If the system below has no solution, what is the value of \(k\)?
\[ \begin{cases} 2x + 4y = 8 \\ kx + 6y = 3 \end{cases} \]
No solution = parallel lines. Parallel means the ratio of x-coefficients equals the ratio of y-coefficients, but NOT the ratio of constants.
Equation 1: \(2x+4y=8\) → coefficients \((2,4,8)\)
Equation 2: \(kx+6y=3\) → coefficients \((k,6,3)\)
Set \(\dfrac{k}{2} = \dfrac{6}{4}\) → \(k = 3\).
Check constant ratio: \(\dfrac{3}{8} \ne \dfrac{6}{4}\). ✓ Not equal, so no solution confirmed.
How many solutions does \(|2x - 3| = x + 1\) have?
Case 1: \(2x-3 = x+1 \Rightarrow x=4\). Check: \(|5|=5=4+1\) ✓
Case 2: \(2x-3 = -(x+1) \Rightarrow 2x-3=-x-1 \Rightarrow 3x=2 \Rightarrow x=\tfrac{2}{3}\). Check: \(|{-5/3}|=\tfrac{5}{3}=\tfrac{2}{3}+1\) ✓
Both valid → 2 solutions. Many students forget Case 2!

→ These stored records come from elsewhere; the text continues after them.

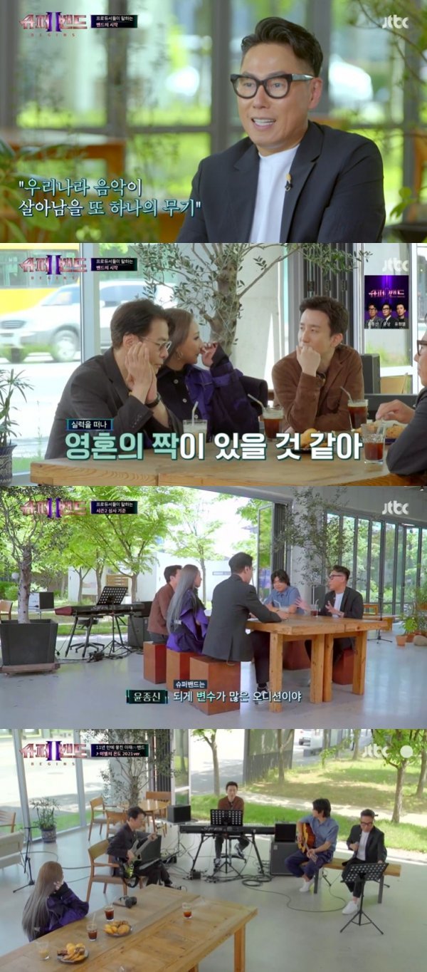 21일 방송한 JTBC \'슈퍼밴드2\'는 \'슈퍼밴드2 비긴즈\'로 시청자들과 첫 만남을 가졌다. 이날 방송에서는 \'슈퍼밴드\' 원년 멤버이자 오디션 베테랑인 윤종신과 윤상, 새롭게 합류한 또 다른 오디션 고수 유희열, 그리고 첫 고정 예능에 나선 이상순과 씨엘이 참가자 오디션을 앞두고 한 자리에 모였다.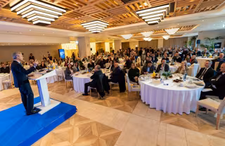 El candidato a la presidencia de la Xunta del PP, Alfonso Rueda, en un desayuno con agentes sociales y económicos en Vigo, a 12 de febrero de 2024. - PPDEG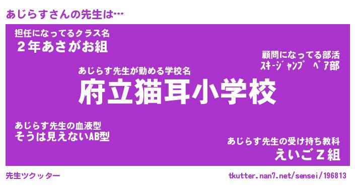 | 意味不明あだ名 | 『ペロリンあじらす』『永久保存あじらす』 |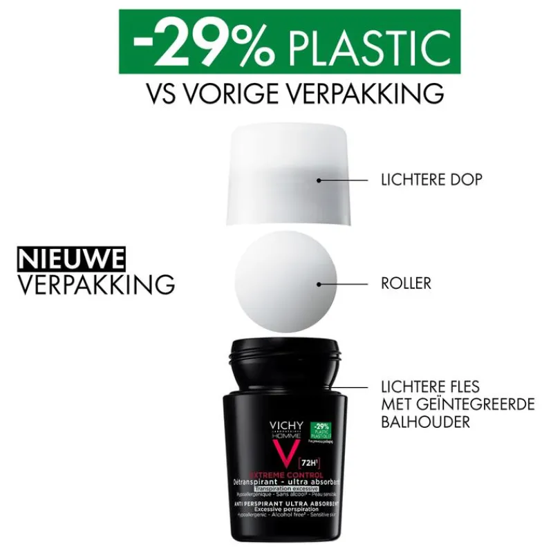 Vichy Homme 72h Anti-transpirant Deodorant is de ideale roll-on voor mannen die op zoek zijn naar een effectieve, langdurige deodorant in elke situatie. Dankzij de aanwezigheid van sterk absorberende minerale zouten wordt transpiratie gecontroleerd tot 72 uur na het aanbrengen.

Which value of \(x\) satisfies \(-3x + 5 > 14\)?
\(-3x+5 > 14 \Rightarrow -3x > 9 \Rightarrow x < -3\) (sign flips when dividing by −3).
Only \(x=-4\) satisfies \(x < -3\).
Trap: students often forget to flip the inequality sign → pick \(x=0\) or \(x=2\) incorrectly.
For what value of \(c\) does \(x^2 - 6x + c = 0\) have exactly one real solution?
One solution → discriminant = 0: \(b^2 - 4ac = 0\).
Here \(a=1, b=-6\): \((-6)^2 - 4(1)(c) = 0 \Rightarrow 36 = 4c \Rightarrow c=9\).
Check: \(x^2-6x+9=(x-3)^2=0 \Rightarrow x=3\) (one solution ✓).
If \(f(x) = x^2 + 1\), what is \(f(x+2)\)?
Replace \(x\) with \((x+2)\):
\(f(x+2) = (x+2)^2 + 1 = x^2+4x+4+1 = x^2+4x+5\).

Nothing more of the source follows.